Solar-C
- Names: Solar-C High-sensitivity Solar Ultraviolet Spectroscopic Satellite (official)
- Mission type: Heliophysics
- Operator: Japan Aerospace Exploration Agency (JAXA), National Astronomical Observatory of Japan (NAOJ)
- Website: solar-c.nao.ac.jp/en/
- Mission duration: 2 years (planned)

Spacecraft properties
- Launch mass: 500 kg (1,100 lb)
- Dimensions: 4.8 m (16 ft) height

Start of mission
- Launch date: 2028 (planned)
- Rocket: Epsilon S

Orbital parameters
- Reference system: Sun-synchronous orbit (>600 km (370 mi))
- EUVST: Extreme Ultraviolet High-Throughput Spectroscopic Telescope
- SoSpIM: Solar Spectral Irradiance Monitor

= Solar-C =

Planned Sun-observing satellite

Solar-C (official name "High-sensitivity Solar Ultraviolet Spectroscopic Satellite") is a planned Sun-observing satellite being developed by the Japan Aerospace Exploration Agency (JAXA), the National Astronomical Observatory of Japan (NAOJ), and international collaborators.
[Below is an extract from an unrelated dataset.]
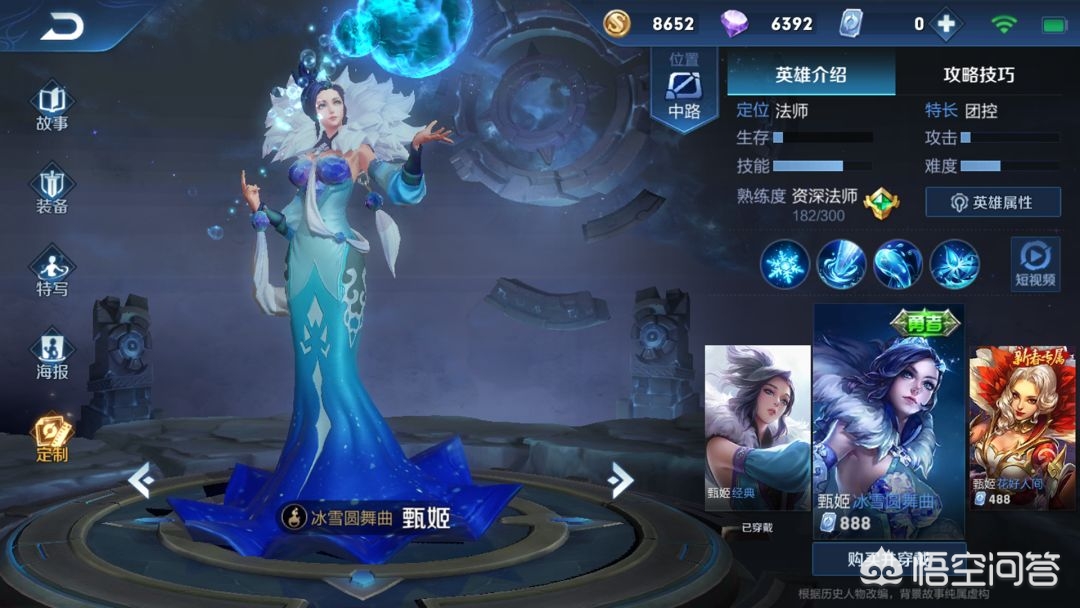然后第二款则是甄姬的冰雪恋舞曲了,这是和干将莫邪冰霜恋舞曲同一个系列的皮肤,在峡谷之中也是很不错的,但是标签却还是勇者级别,特效可想而知,虽然有一点,但是不咋样,因此如果能够升级成为史诗级别的话,绝对是很不错的!

It will be the follow-up to the Hinode (Solar-B) and Yohkoh (Solar-A) missions and will carry the EUV High-throughput Spectroscopic Telescope (EUVST) and the Solar Spectral Irradiance Monitor (SoSpIM). It is scheduled to launch in fiscal year 2028.

==Objectives==
The mission aims to study the Sun, its effects on Earth and the Solar System, and the mechanisms behind hot plasma formation. The satellite will also analyse the Sun's UV radiation spectrum.